Christopher Booker writes a regular column in The Telegraph. He is a friend of Dr Richard North who writes the EU Referendum blog. North frequently quotes from Booker's column. And Booker clearly reads North's blog. I noticed that no sooner had a comment appeared from someone name Alan Bell last week, with a link to some work (HERE) Mr Bell had carried out by looking at all 63 Notices to Stakeholders published by the EU, than Christopher Booker has a column about the same thing (HERE).
For the average Telegraph reader, Booker's columns are frequently like a bucket of cold water and none more so than this week's which is sub titled: The documents which explain exactly how much chaos we will suffer when we leave the EU.

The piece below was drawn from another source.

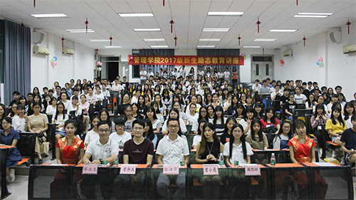本网讯(记者 王妙琪 颜俊硕)为端正新生的学习态度,营造积极向上的学习氛围,促进我院学风的良好建设,9月14日晚,由管理学院学生自律委员会举办的“2017级新生励志教育讲座”在A8-101顺利开展。参加本次活动的嘉宾有管理学院学生自律委员会指导老师张海营,管理学院就创业专员、校友工作办公室指导老师周姚,管理学院学生自律委员会主席蔡泳生、副主席黄思婷,2014级优秀学生代表曾小连、曾梓兵及2017级新生们。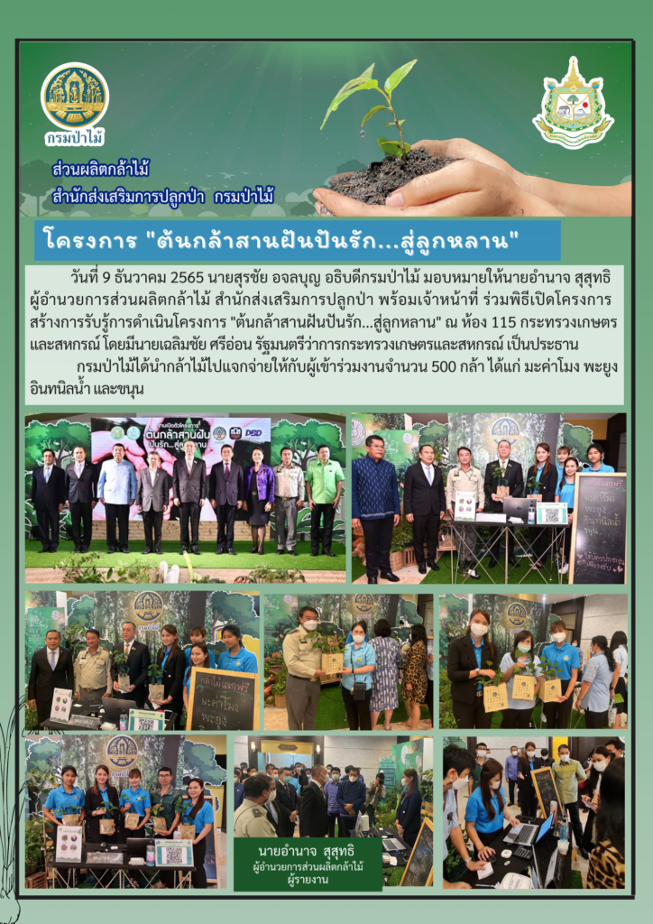 กรมป่าไม้ร่วมแจกกล้าไม้ในพิธีเปิดโครงการสร้างการรับรู้การดำเนินโครงการ “ต้นกล้าสานฝันปันรัก…สู่ลูกหลาน” ณ กระทรวงเกษตรและสหกรณ์9 ธันวาคม 2022 by nursery

He talks about fishermen for example, those who cheered wildly when the referendum result was announced and possible border delays:
"Last Tuesday, for instance, BBC Radio Four’s Today programme interviewed fishermen whose businesses depend wholly on being able to export langoustines and mussels to the Continent. Their live catches have to be trucked to their customers without any delays via the Channel ports. But they have now awoken to what one called the “existential” threat of time-consuming new border controls, which will make this impossible.
"As one Scotsman said, 'you can actually taste the fear, see the fear in their eyes' as the fishermen realise that this will put them out of business. But neither they nor the BBC knew the half of it".
Before explaining the Notice to Stakeholders on foodstuffs says importing any food of animal origin is prohibited unless certain conditions are met - including the UK being listed as an "eligible" third country, a process that can take up to six months and can't even start until after we leave!
And the last point of his column is worth repeating in full:
"In a fractious Any Questions discussion of the chaos engulfing our railways, Jacob Rees-Mogg missed a trick when he was castigating the decision to split off the ownerships of trains and the track.
"It might have lent even more force to his point if he could have explained that the origins of this blunder lay in the 1992 Railways Regulations, nodded through Parliament under the European Communities Act to implement a Brussels directive, 91/440, as a prelude to selling off British Rail.
"The irony was that we didn’t actually have to go as far as we did. All the directive ruled was that the accounts and management of “transport” and “infrastructure” had to be separated, not their ownership. Which is why no other country in the EU was silly enough to follow our example".